Death in Disguise
- First edition cover
- Author: Caroline Graham
- Language: English
- Series: Chief Inspector Barnaby
- Genre: Crime fiction
- Published: 9 July 1992
- Publisher: Headline
- Publication place: United Kingdom
- Media type: Book
- Pages: 434
- ISBN: 9780755342174
- Preceded by: Death of a Hollow Man
- Followed by: Written in Blood

= Death in Disguise =

Book by Caroline Graham

Death in Disguise is a crime novel written by English writer Caroline Graham and first published by Headline in 1992. The story follows Chief Inspector Tom Barnaby investigating the murder of a cult member. It is the third volume in Graham's Chief Inspector Barnaby series, preceded by Death of a Hollow Man and followed by Written in Blood. It has been adapted into an episode in the ITV drama Midsomer Murders.

==Plot summary==
In a country manor house currently owned by a New Age cult of mystics, the mysterious death of member William Carter stirs all the local gossips into a frenzy of speculation. However, the rumours of sinister events are confirmed when the so-called Master of the Lodge is killed with a carving knife during a psychic regression.
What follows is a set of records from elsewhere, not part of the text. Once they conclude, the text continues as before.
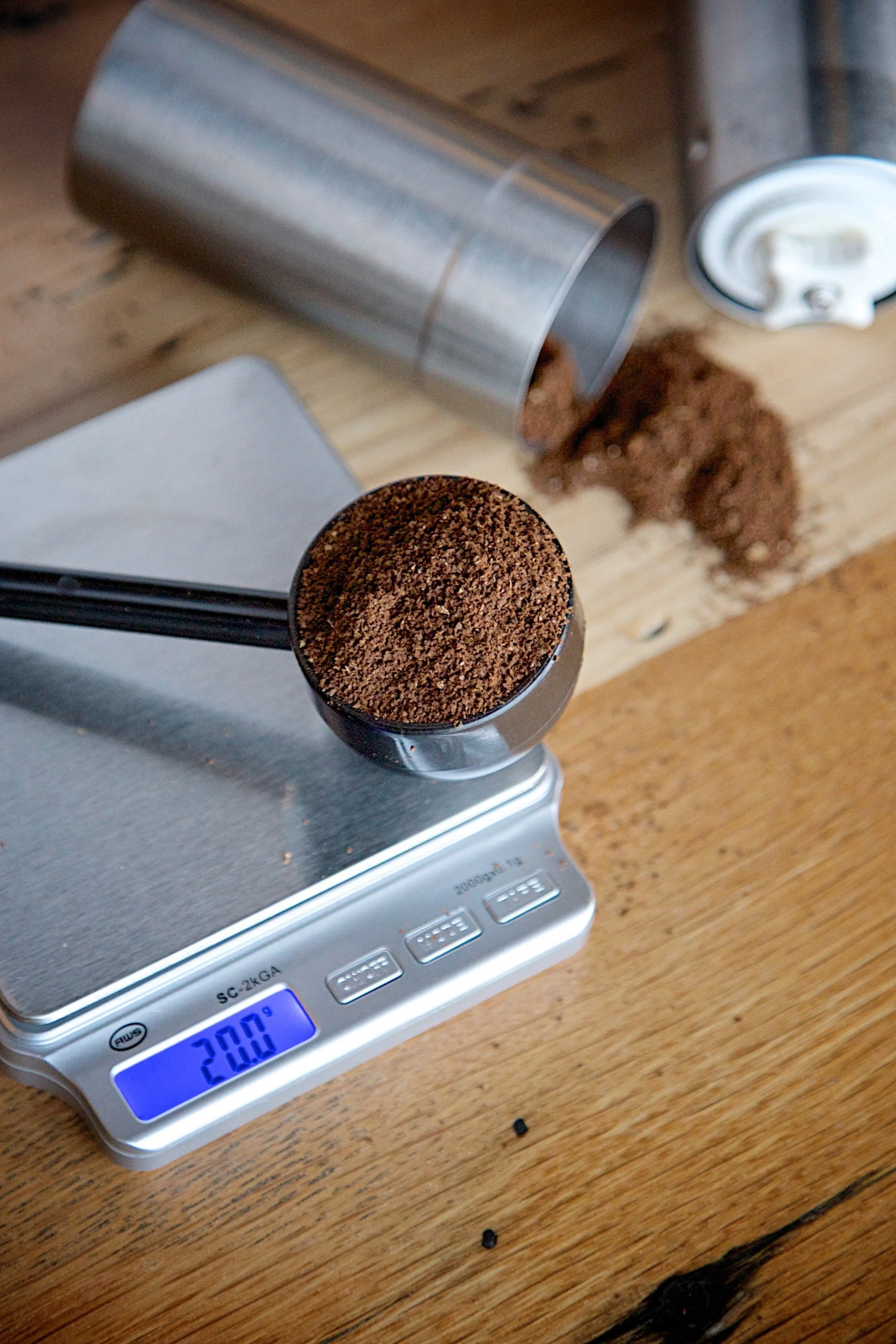 Add 20g of coffee to the Aeropress. The coffee should be ground slightly finer than medium coarseness.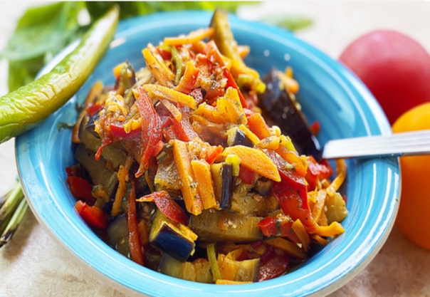 Имейте в виду, что баклажаны являются здесь основным ингредиентом. Помидоры и зеленый перец поддерживают баклажаны.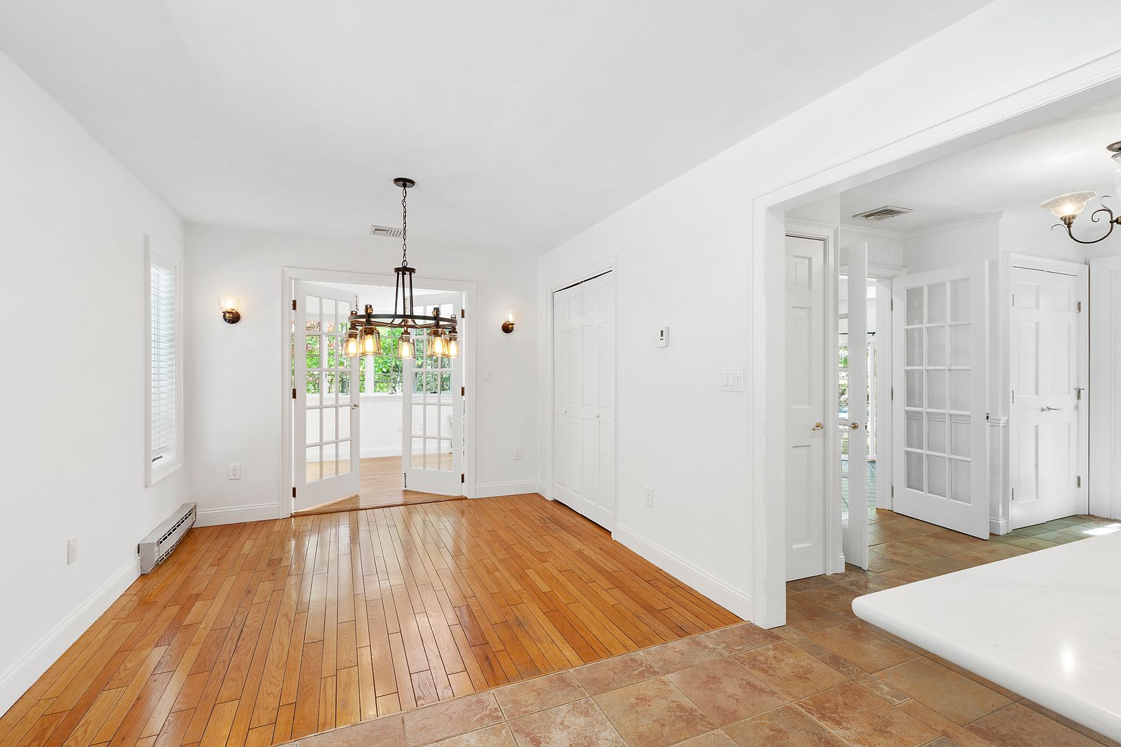 Floors: Hardwood, Tile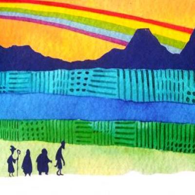Se fueron a la montaña pues, los abuelos de nuestros abuelos, los nawales. Se fueron a la montaña para averiguar cuál era el origen del arcoíris, cómo sube por el cielo.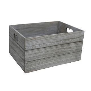 ヴィンテージ効果ハートカットハンドル木製ストレージクレート L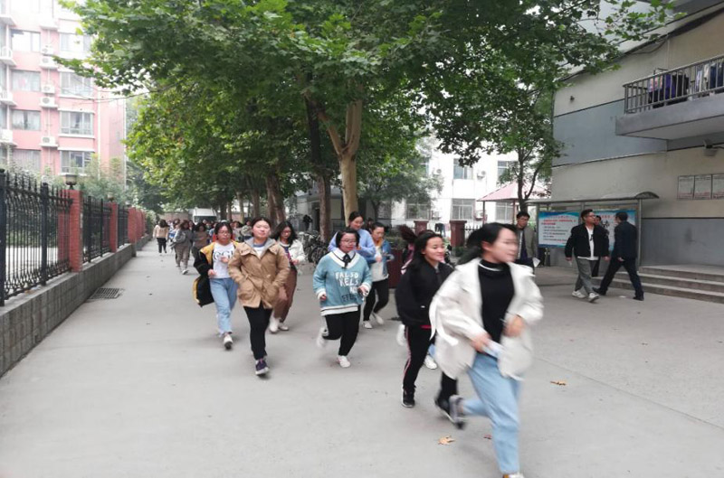 下午2点,逃生演练开始,工作人员到达指定岗位,引导宿舍楼内学生快速疏散,有序撤离到安全地带,演练用时1分58秒。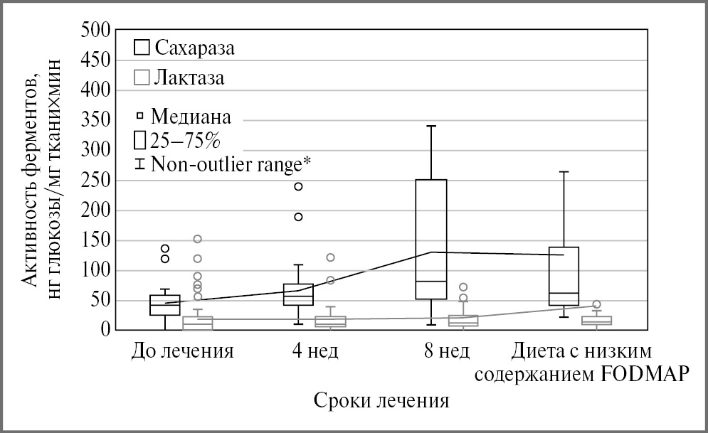 При соблюдении диеты с низким содержанием FODMAP у пациентов с ЭНМП уменьшаются клинические симптомы, свойственные непереносимости ферментируемых углеводов, и повышается активность мембранных ферментов СОТК, но при переходе на обычный рацион клинические симптомы пищевой непереносимости вновь появляются. Под влиянием ребамипида улучшается переносимость ферментируемых углеводов, активность ферментов СОТК увеличивается последовательно через 4 и 8 нед.

Meanwhile, untrustworthy financier Guy Gamelin tries reconciling with his estranged, cultist daughter Sylvia, now called Suhami, as does her alcoholic mother. Chief Inspector Barnaby finds himself lost amidst a labyrinthine puzzle of deception, evil and pseudo-supernatural forces.

==Publication history==
- United Kingdom: 1992, Headline, London, 1992, Hardback, 374 p., ISBN 0-7472-0608-2.
- United States: 1993, Morrow, New York City, 1993, Hardback, 333 p., ISBN 0-688-09985-8.

==Reception==
Publishers Weekly stated in its review of the novel: "Graham's competent procedural works most effectively as a wickedly acid yet sympathetic portrayal of a group of society's misfits seeking comfort and a place in the world." Kirkus Reviews noted: "Wonderfully funny, with such solid, traditional underpinnings as good plotting, judiciously dropped clues, and a luminescent turn of phrase: a likely-to-be New Age classic."

==Television adaptation==
The novel was adapted by Douglas Watkinson into the fifth episode of Midsomer Murders starring (alongside regulars John Nettles and Daniel Casey) Judy Cornwell, Miles Anderson, Charles Kay, Stephen Moyer and Geoffrey Beevers.